To come out is similar to doing the laundry.  You breathe a sigh of relief when the last dryer load is finished, folded and put away.  A week later you find yourself facing another full hamper. 

After you have finished telling all of your friends, family and work colleagues that you are gay or bisexual, you meet someone new.  People just keep showing up in your life.  The people you meet in most settings will most likely assume that you are straight, a heterosexual.  How do you handle that?

If a friend introduces you to someone, that friend is not likely to say, “This is David.  He’s gay.”

When I was actively coming out, I decided that I needed to tell anyone who played an important role in my life.  For a while, I kept that same rule for new people.  If a person  simply was going to make a brief appearance in my life, I didn’t bother explaining my affectional orientation.  If, on the other hand, that person was going to become a part of my social circle or started showing me pictures of his wife and kids, I quickly found some way or explaining my identity.

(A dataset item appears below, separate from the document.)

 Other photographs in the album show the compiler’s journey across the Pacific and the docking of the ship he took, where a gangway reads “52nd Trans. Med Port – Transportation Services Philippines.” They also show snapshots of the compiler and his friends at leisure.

For the most part, I continue to live with that rule of thumb.  However, I do make exceptions.  If someone expresses an assumption of my heterosexuality, I immediately disavow them of their thinking.  A couple stories will illustrate.

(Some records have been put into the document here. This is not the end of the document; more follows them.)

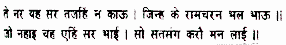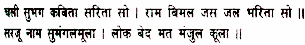 The story of the virtues of Sita, the crest-jewel of all faithful wives, is the virtue of the transparent and incomparable water, and Bharata’s amiability is its refreshing coolness, which is uniform at all times and indescribable.
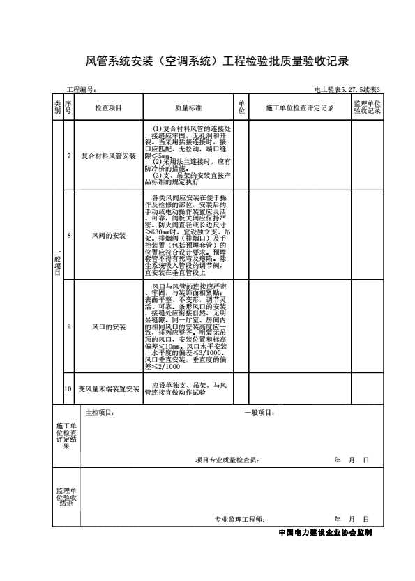 表格名称:电土验表5.27.5 风管系统安装(空调系统)工程检验批质量验收记录
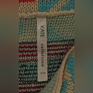 Kate Collection Knit Sweater Cardigan Women’s Tan Aztec Tribal Pattern USA Boho
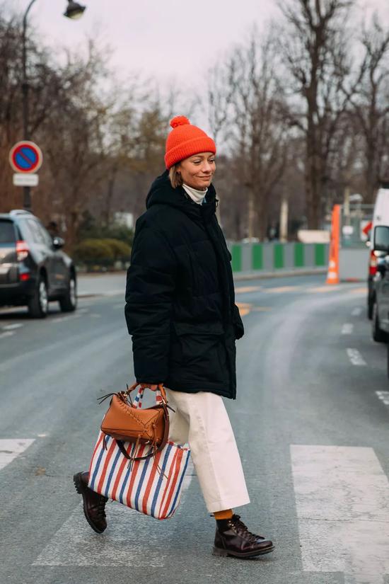 豆豆帽是最常见的啦,只要平时戴帽子的,基本上人手一顶。它很“亲民”,搭配上基本没什么禁忌。当然啦,也别刻意考验它的适应力,你穿晚礼服的时候,还是别让它出现为妙。
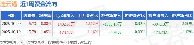 沪深股通持股方面,截止2025年10月10日收盘,连云港沪股通持股数为707.57万股,占流通股比为57.0%。
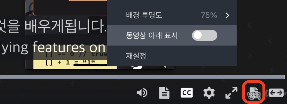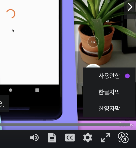 한글자막과 한영 자막을 선택하는 부분을 고민을 많이 했었는데 나는 기존에 버튼 형식을 누르면 다른 자막 버튼이나 설정 버튼과 같이 메뉴창이 뜨는 형식으로 만들기로 하였다.
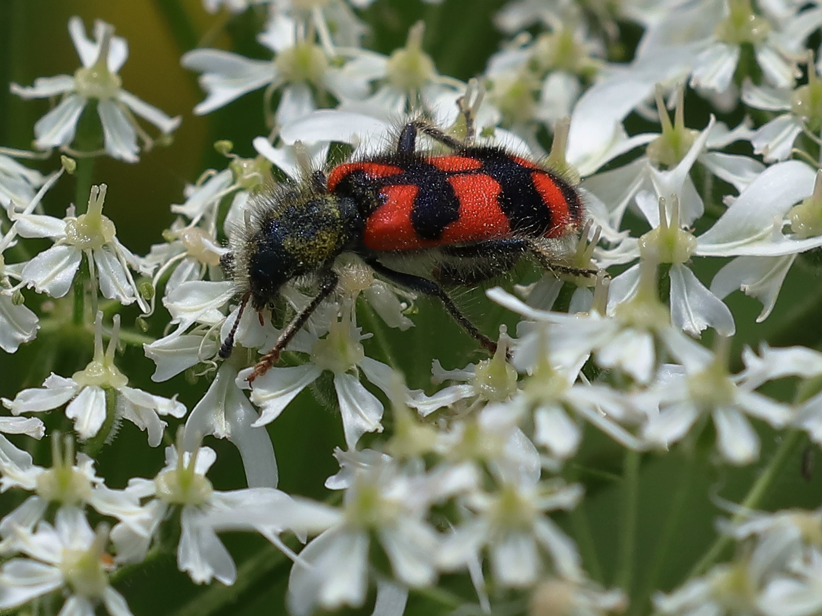 Ce joli petit coléoptère est le Clairon des abeilles Trichodes apiarus. Il se nourrit de pollen et d’insectes puis pond dans nids d’abeilles solitaires mais aussi dans les ruches d’abeilles domestiques. Ses larves se nourrissent des larves d’abeilles.
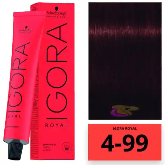 TINTURA IGORA ROYAL 4-99 CASTAÑO MEDIO VIOLETA INTENSO 60 G : ha sido desarrollado por coloristas que te permite dar rienda suelta a tu creatividad proporcionándote las herramientas necesarias para transformar la imaginación a realidad, con resultados de color fieles a la carta de color y una fiabilidad superior incluso con los cabellos más exigentes.

The first time I was offended by someone assuming that I was straight was when I decided to buy a new car.  Before going to any dealerships, I had narrowed my quest to three models (one each from the major U.S. manufacturers).  My first stop was the local Ford dealer.  My salesman and I were in the car, I was driving, and he was babbling about what a great deal he could give me.  As I was turning back into the dealership, he said, “Is there a little woman who will be choosing the color?”  I was angry for two reasons.  First, I consider myself a feminist, and I consider the term, “little woman,” to be demeaning toward women.  Second–and this was a new feeling for me–I was angry that he had assumed that I was straight. 

Now, I don’t have anything against straight people.  Indeed, (are you ready for the line?) some of my best friends are straight.  Most of my family members are straight, and they’re all pretty good people.

I turned to the salesman and said, without missing a beat, “The little woman is a big man, and he lets me choose my own color.”  I probably don’t have to tell you that I didn’t buy a Ford.

I’m sure this has happened to you:  The phone rang.  I answered.  The voice on the other end asked, “May I speak with the lady of the house?”  I replied, “I might be the lady of the house, but I’m not sure.  My partner and I aren’t really into role playing.”  There was about a five second uncomfortable silence, followed by a click.

I try to find a new way with every instance of that sort of question or remark to make the person as uncomfortable as possible.  It’s become a fun game, and it’s part of my activism to make a presumption of heterosexuality a historic phenomenon rather than a part of contemporary life.